Friendship... it's always amazed me how Alexander always knew where to put his trust, but didn't lost in them. Did not confused between his trust and facts, I mean.
And, how lucky he was to have found Hephaistion, and few others whom he can trust. As for me, I thought I had found my Hephaistion - and a few whom I can trust, but now I can see that I am wrong, so wrong. Today is a different era, I guess. There are no longer people who can truly care about us. These days people only care about themselves, the prosperity of their lives. That, including family.

Loyalty... With a world where money has the utmost importance, where else can we find loyalty? But no matter, Alexander taught me, that one of the most important virtues in this life is loyalty. So in this world so lack of love and loyalty, all the more I have to contribute to it.

Family... I realize now, you can spend forever to run away from your parents... but you'll never run far enough. In fact, you might just end up exactly like them. Olympias loved Alexander, I know that. Perhaps Alexander himself knew that. But why did he refuse to go back to Macedonia and continue further east, instead? He got scared, I guess. Her so-called love captured his life, suffocate him. He just wanted to go away from it.
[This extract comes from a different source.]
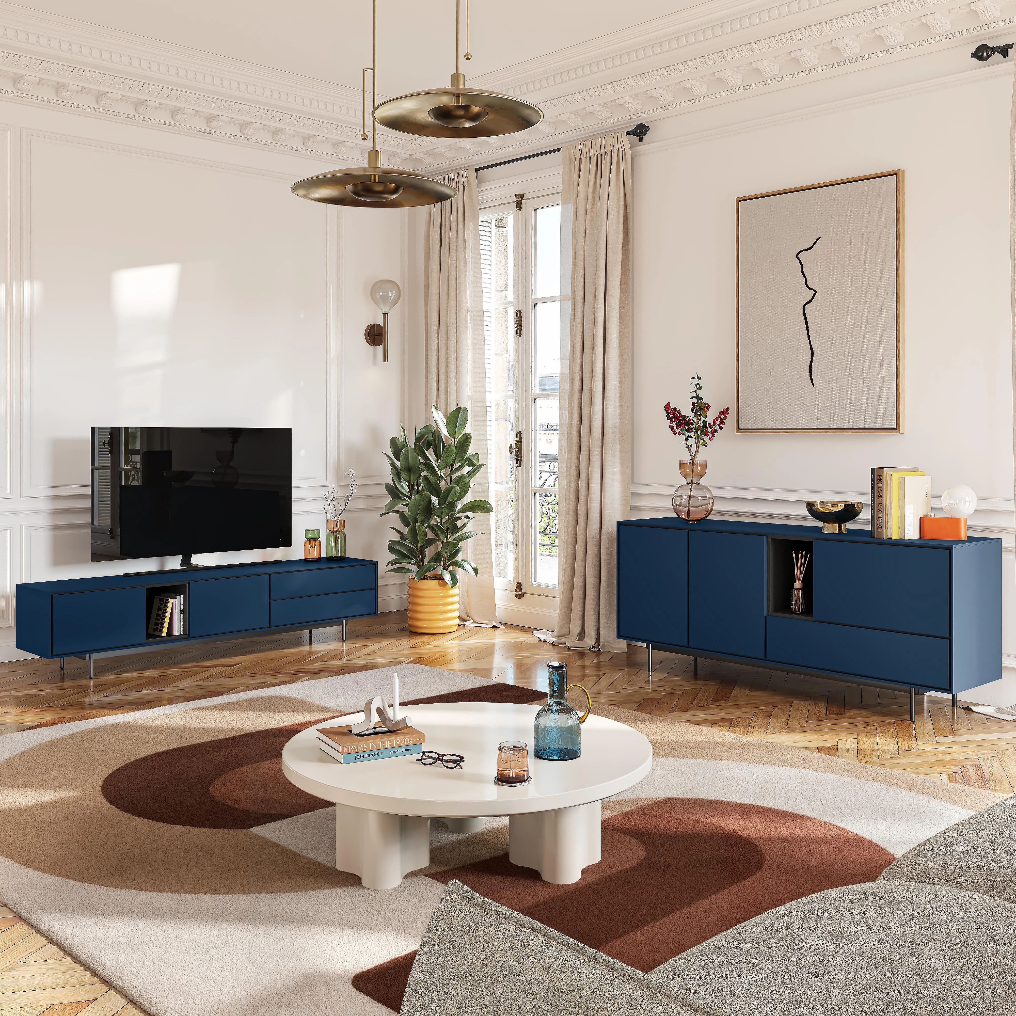 Meuble TV 2 portes et 2 tiroirs - Bleu pétrole - Design by Céline Mognon Fichet

Love, they say, but is it love when they order us around, just to get what's best for THEM? Love,is it, when they try to eliminate us the second we're no longer provide profits?

Tuesday, December 4, 2007

I was bored the other day, so as always I turn to my hobby: Photoshop.
I don't know what exactly was I thinking, but here is what I got:



Neat, huh? I love it! What do you think? [Alright, no copyright infringement intended. Don't sue me, please] The concept of "When I fall in love ...with both" was gotten from Fann Wong's film.

Tuesday, November 27, 2007

Talks about siblings rivalry...

Have you ever heard Ashley Simpson's 'Shadow'? Nope, not the one she lip-synced in Saturday Night Live. I'm talking about the one which talking about "...living in the shadow of the dreams and accomplishments of Ashley's famous older sister". Even though I'm not a fan of Ashley Simpson (who is?), I'm kinda bugged by this song.

It happens all the time, don't you think so? When our sibling is better and/or better at something, better in any means, than us, our parents will definitely start comparing us, obviously or not. It's intimidating. For me, at least. I started to imagine that my brother is going to be as rich as Steve Jobs or Bill Gates. Then people will start to interview him, and start questioning about his sibling(s). Then they found out that one of this rich guy's siblings is only a minor movie editor in small production house. Poor and ugly, and pathetic. So different from his/her brother.

I wonder how many other people feel the same as I do?
And I wonder why the f*** does it matter?

I mean, so what if our brother/sister is better than us? Shouldn't our parents love us as we are? Shouldn't people just accept the fact that different individual has different characteristic? Why can't they accept the fact that we are -ok, I am- not as beautiful/talented/smart/hard-working as my brother/sister is?
And so what if MY passion is movie, and unlike my brother who wants to be "..a filthy rich businessman-slash-programmer"? So what if I become a "...filthy poor movie-editor"? Screw it, I love making movie, that is passion and I'm going to chase it -and achieve it.